Use the entries below and reproduce exactly the lines from the one containing "Tijdens een zeeslag" down to the one containing "Vestido Rosa Estampado Gola Alta (S/M)", both of them included.

| Supplied records |
****************************************

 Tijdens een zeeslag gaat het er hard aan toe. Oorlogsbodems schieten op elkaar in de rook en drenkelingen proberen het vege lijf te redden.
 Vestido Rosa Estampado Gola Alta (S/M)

****************************************

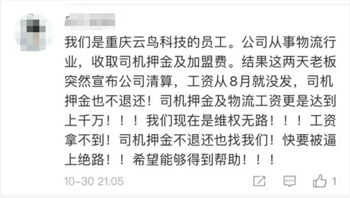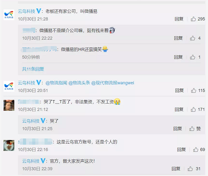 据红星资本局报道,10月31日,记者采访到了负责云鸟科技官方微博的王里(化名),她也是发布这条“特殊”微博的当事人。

****************************************

| Result for this exercise |
 Tijdens een zeeslag gaat het er hard aan toe. Oorlogsbodems schieten op elkaar in de rook en drenkelingen proberen het vege lijf te redden.
 Vestido Rosa Estampado Gola Alta (S/M)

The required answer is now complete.